One of the most common grammar mistakes involves forgetting to use apostrophes.
So, do you need an apostrophe to spell today’s?
The short answer is: usually yes! If you’re using today’s as a possessive form of the word today, such as in the phrase “today’s date,” then you should always use an apostrophe. The word todays without an apostrophe is grammatically incorrect.
This article will explain when you should use an apostrophe in today’s and how to remember the difference between today’s and todays.
Does Today’s Have an Apostrophe?
We use an apostrophe followed by an S whenever we want to show possession. For example, the word Sarah's is the possessive form of the name Sarah.
The same rule applies to the word today. If something belongs to the present day, you would use the possessive form today’s.
Todays with no apostrophe is almost always grammatically incorrect. The only time you should use todays without an apostrophe is when you’re referring to the plural form of the word today—in other words, multiple todays. This is rarely done except for poetic purposes, such as in the title of the book All Our Wrong Todays by Elan Mastai.
Today’s means “belonging to the present day” or “relating to the present day.”
For example, if you’re reading the newspaper, you might say, “Today’s headlines are exciting.” In this sentence, the word today’s indicates that you’re talking about the present day’s headlines, not some other day’s headlines.
Todays Date vs Today’s Date
The phrase today’s date always requires an apostrophe. Here are some more examples of this phrase in action:
Incorrect: What is todays date?
Correct: What is today’s date?
Incorrect: Todays date is October 10th.
Correct: Today's date is October 10th.
Today’s Meeting vs Todays Meeting
The phrase today’s meeting also requires an apostrophe. Here are some more examples of this phrase in action:
Incorrect: Don’t forget about todays meeting.
Correct: Don’t forget about today’s meeting.
Incorrect: Bring your laptop to todays meeting.
Correct: Bring your laptop to today's meeting.
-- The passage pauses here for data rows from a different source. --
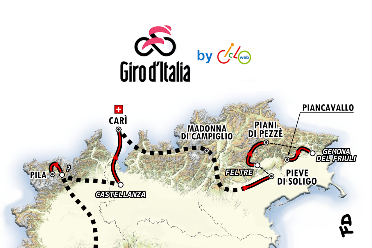 Confermato il finale con doppia ascesa Piancavallo, all'indomani del tappone dolomitico; a inizio dell'ultima settimana spunta anche Madonna di Campiglio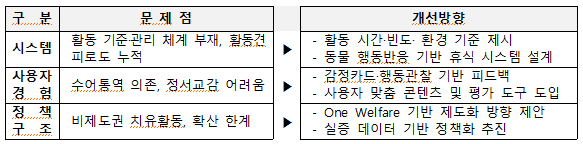 - 실증 결과는 지자체 중심 공공치유사업과의 연계 근거로 활용 가능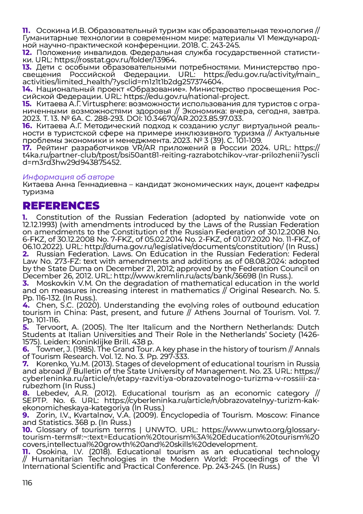 15. Китаева А.Г. Virtusphere: возможности использования для туристов с ограниченными возможностями здоровья // Экономика: вчера, сегодня, завтра. 2023. Т. 13. № 6А. С. 288-293. DOI: 10.34670/AR.2023.85.97.033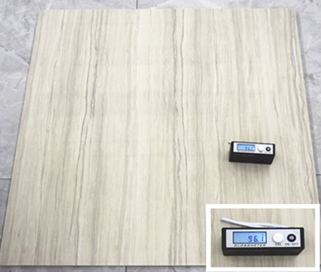 測評瓷磚必不可少的一項環(huán)節(jié)就是光澤度的測試,測評人員使用專業(yè)的光澤度儀,在瓷磚表面移動不同的位置測試,最后結果為多個位置光澤度的平均值。測試結果為96.1度,光澤度可以說是讓人意想不到的好。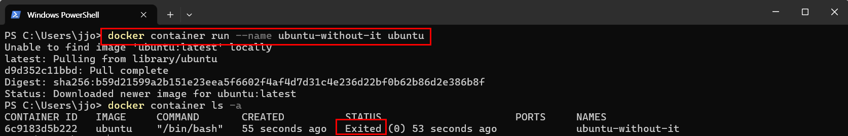 - 따라서 컨테이너는 바로 종료됨 (쉘 실행 실패)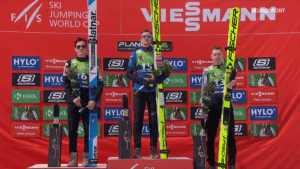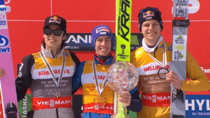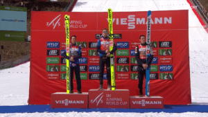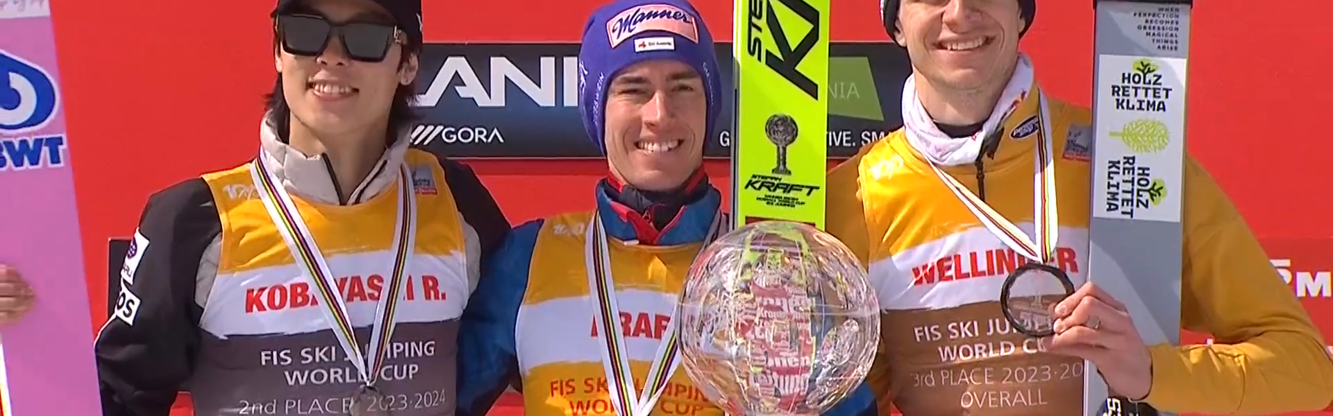 Za parę minut doszło do ostatniej ceremonii indywidualnej, tej najważniejszej, a więc wręczenia nagród za całą zimę. Pierwszy na podium wszedł Andreas WELLINGER, potem Ryoyu KOBAYASHI, a na koniec Stefan KRAFT.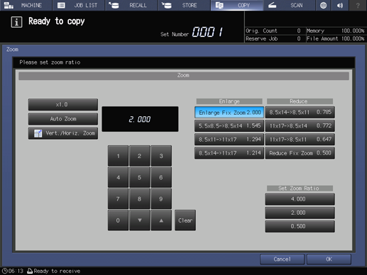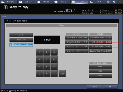 The settings of Enlarge/Reduce (fixed) and Set Zoom Ratio are provided on the UTILITY screen. For details, refer to Set Zoom Ratio Setting.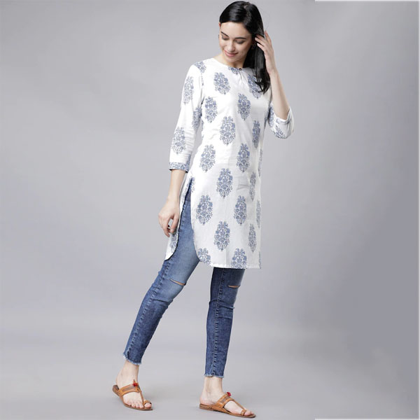 White & Blue Printed Tunic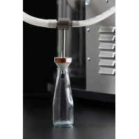 Un serbatoio in vetro borosilicato (Pyrex) e tubazioni progettate per l'industria farmaceutica garantiscono compatibilità con qualsiasi prodotto alimentare. Posizionando la bottiglia sotto ULTRAFILLER, il vuoto creato aspira il liquido permettendo di fluire nella bottiglia senza passare attraverso pompe o altri elementi meccanici che potrebbero riscaldarlo e danneggiarlo.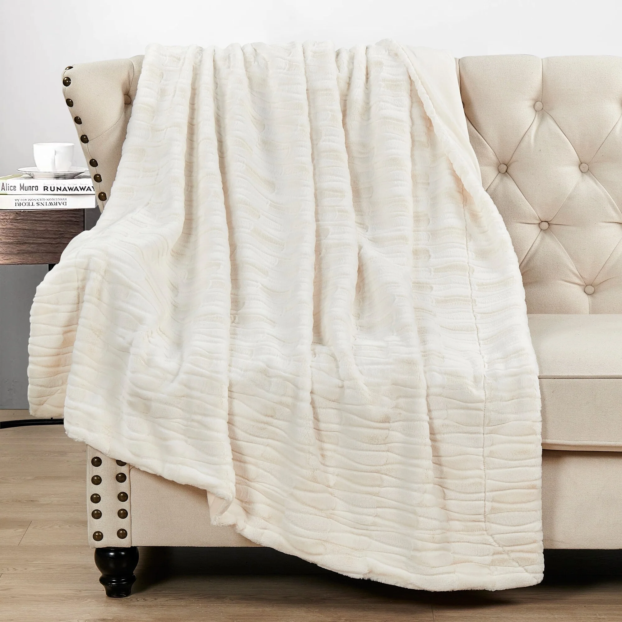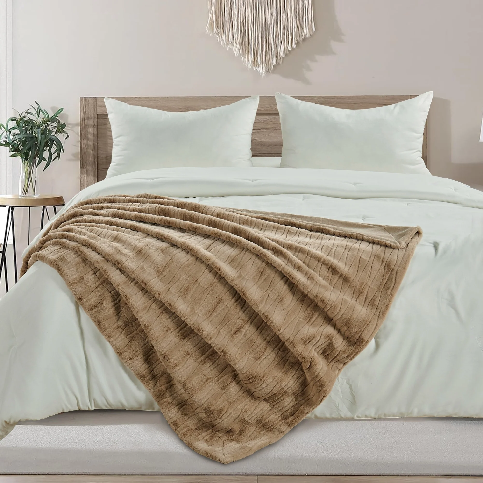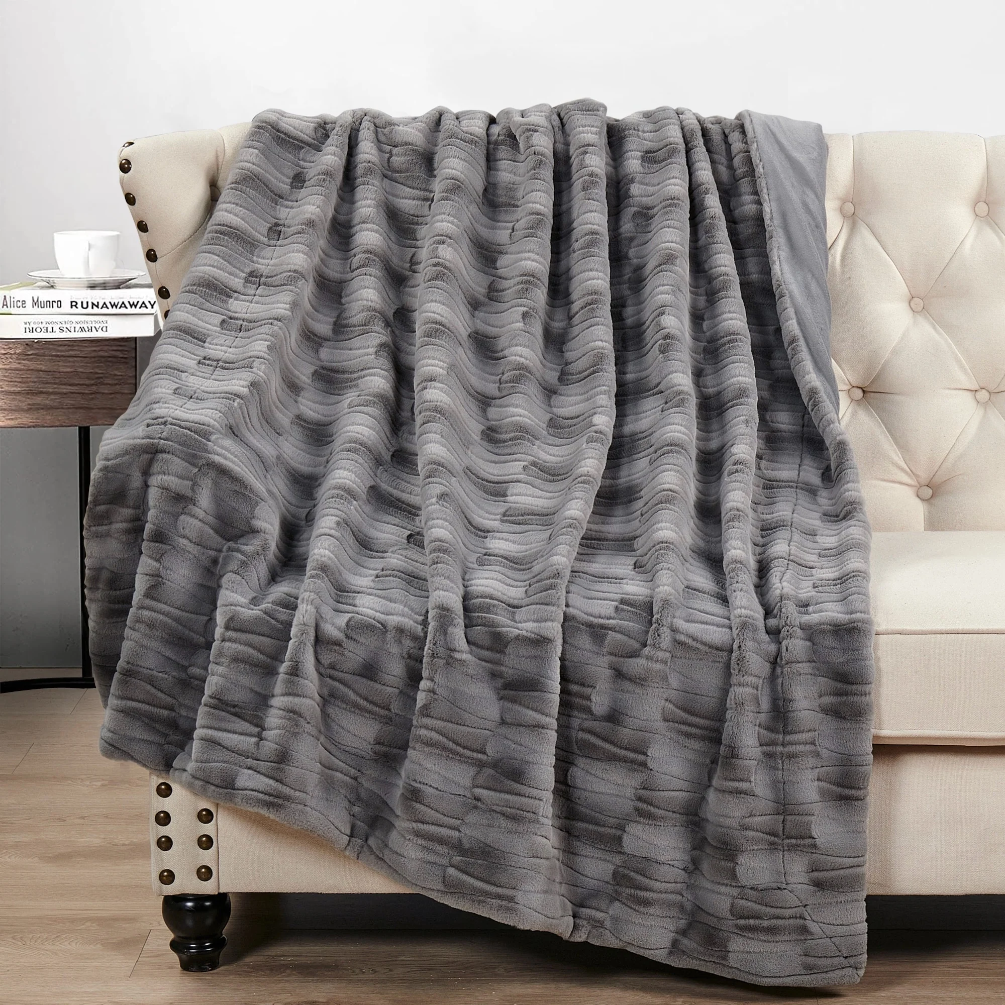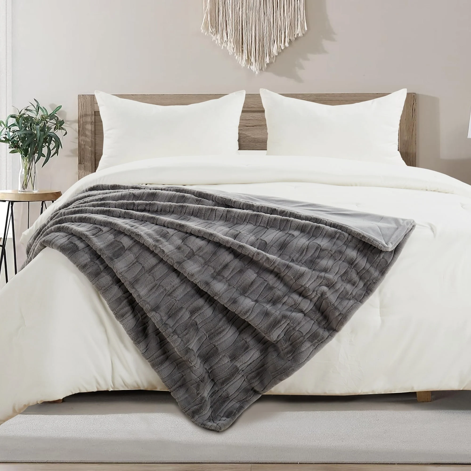 - [Superior Craftsmanship]: This elegantly designed blanket features a front crafted from premium fauxfur, while the reverse side is made of micromink, providing you with a more luxurious, comfortable and breathable experience. Â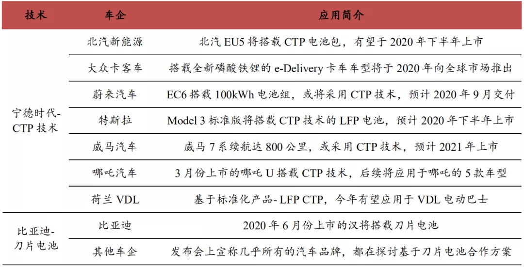 助力龙头企业筑造技术壁垒,巩固行业定位,拓展海外市场。宁德时代CTP技术知识产权超过200项,比亚迪刀片电池技术核心专利超过300项,两者均为龙头企业筑造了较高的技术壁垒。宁德时代CTP技术有“无模组”和“大模组” 两种方案,其中“大模组”方案对车型的适配度较高。据不完全统计,国内下半年有5款搭载CTP技术的车型上市,其中不乏明星车型Model3和蔚来EC6等,届时有助于宁德时代进一步提高国内市场占有率。同时基于CTP技术的磷酸铁锂电池在大众卡客车型和荷兰VDL车型上的应用,将有助于宁德时代拓展海外市场。而比亚迪刀片电池技术有助于发挥其磷酸铁锂龙头企业的优势,助力其挖掘新的国内外动力电池客户。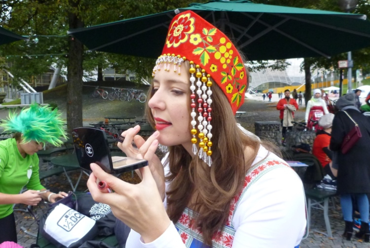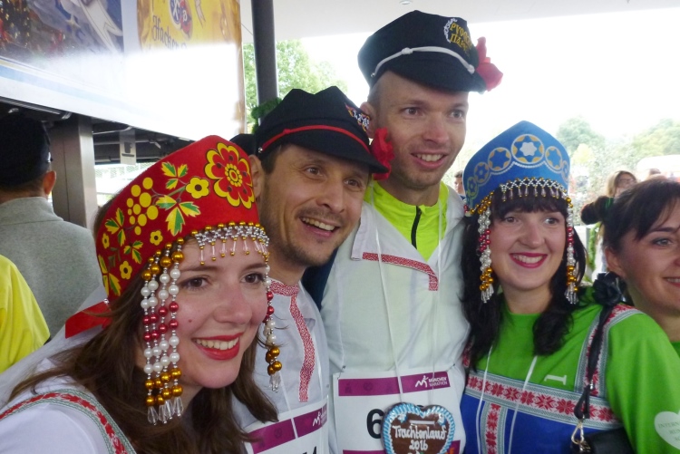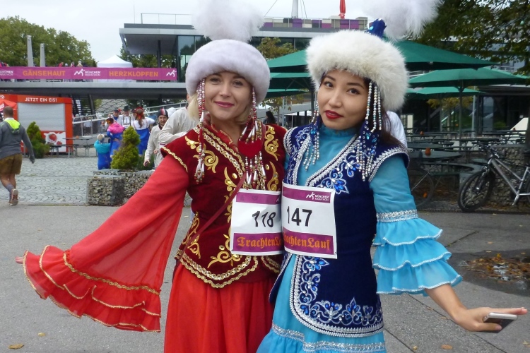 Der Samstag steht ganz im Zeichen des um 10:30 Uhr gestarteten Trachtenlaufs. Als Freundschaftslauf ohne Zeitnahme über 3 km kreuz und quer übers Olympiagelände durchgeführt, ist er ein echter Knüller, den man sich, zumindest als temporär „Zug'roaster“, keinesfalls entgehen lassen sollte. An die tausend mehr oder weniger landestypisch Kostümierte geben ein gleichermaßen buntes wie fröhliches Bild ab. Was ich schon häufiger über das Völkerverbindende unseres Lieblingssports geschrieben habe, trifft auch hier zu: Russen, Kasachen, Kirgisen, Ungarn, Spanier, Chinesen, Japaner, Franzosen, Italiener, Ösis und viele Nationen mehr geben sich ein friedliches und ausgelassenes Stelldichein.
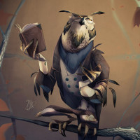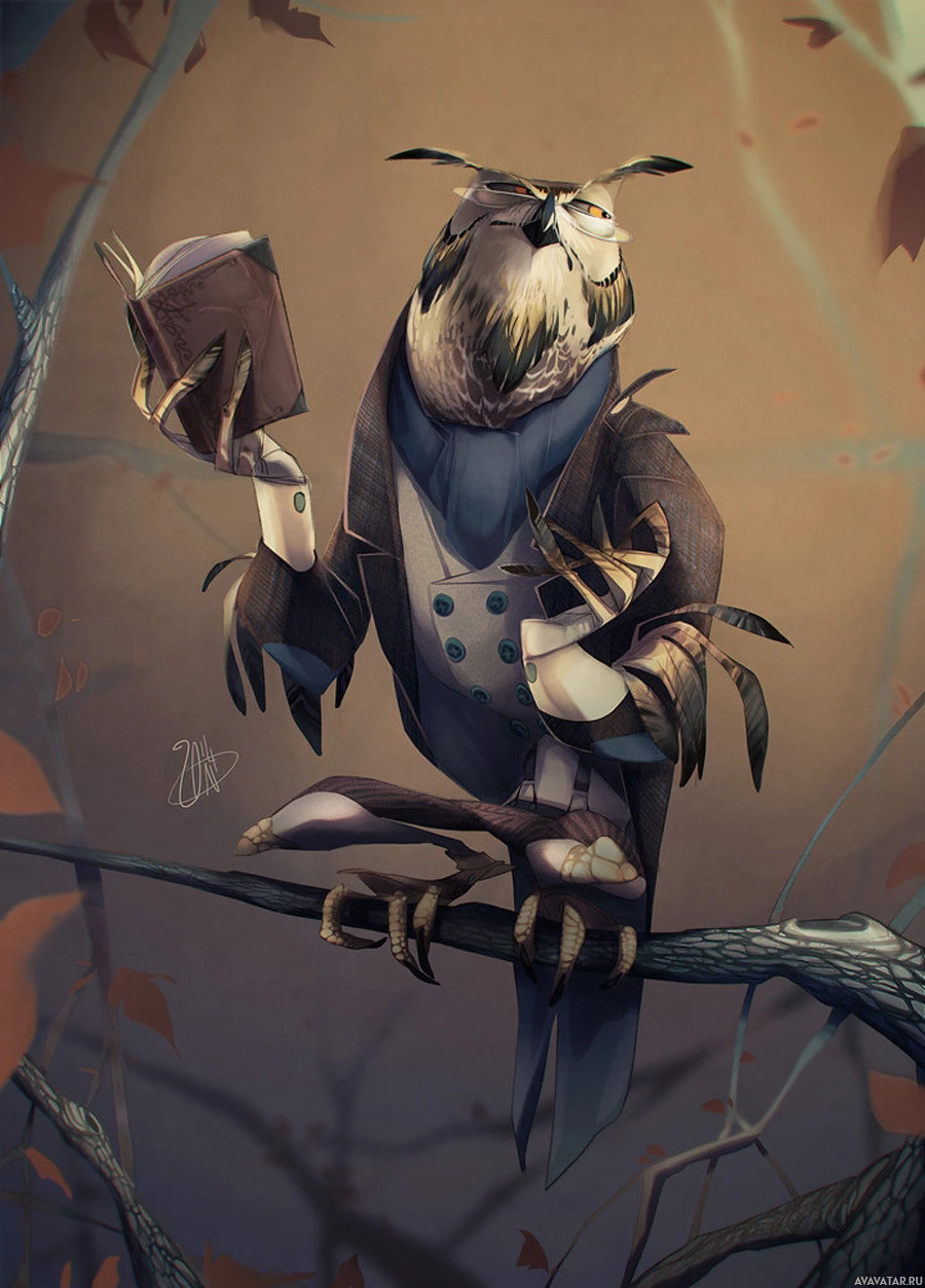 The image depicts an owl perched on a branch. The owl is anthropomorphized, sitting upright and reading a book with its talons. It's wearing what appears to be a cape or robe, which adds a whimsical or fantastical element to the picture. There are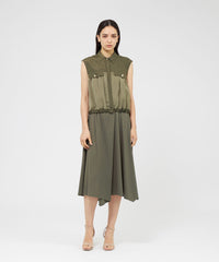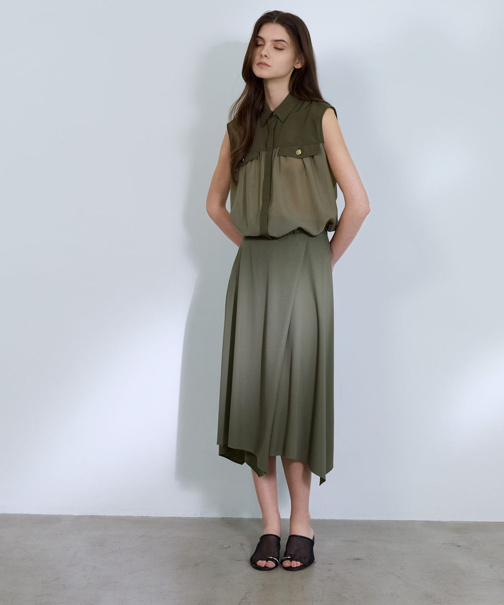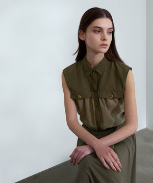 本体にはソフトで軽やかなシアーオーガンジーをドッキングしました。※熱に弱い素材のため、アイロンの温度にご注意ください。高音を当てると熱で溶ける恐れがあります。別布には天然タッチでソフトな肌触りのポリエステルスパンローンを使用しました。薄手の肉感、ドレープも綺麗に表現可能な素材です。

Other Examples of Today’s Used in Sentences
The best way to learn the spelling of a word is to see examples of it in sentences. Here are some more examples of today’s from English literature.
“The timeless in you is aware of life’s timelessness. And knows that yesterday is but today's memory and tomorrow is today's dream.”—Khalil Gibran, The Prophet
“This is my time, Hathaway. I’m leading today’s session.”—Richelle Mead, Vampire Academy
“Ah, coffee. The sweet balm by which we shall accomplish today's tasks.”—Holly Black, Ironside
“Today's worries are yesterday's fears and tomorrow's stories.”—Alyson Noel, Evermore
“Only in today's sick society can a man be persecuted for reading too many books.”—Markus Zusak, I Am the Messenger
“The best possible way to prepare for tomorrow is to concentrate with all your intelligence, all your enthusiasm, on doing today's work superbly today. That is the only possible way you can prepare for the future.”—Dale Carnegie, How to Stop Worrying and Start Living
Conclusion on Today’s vs Todays
There you have it—a complete guide to todays vs today’s.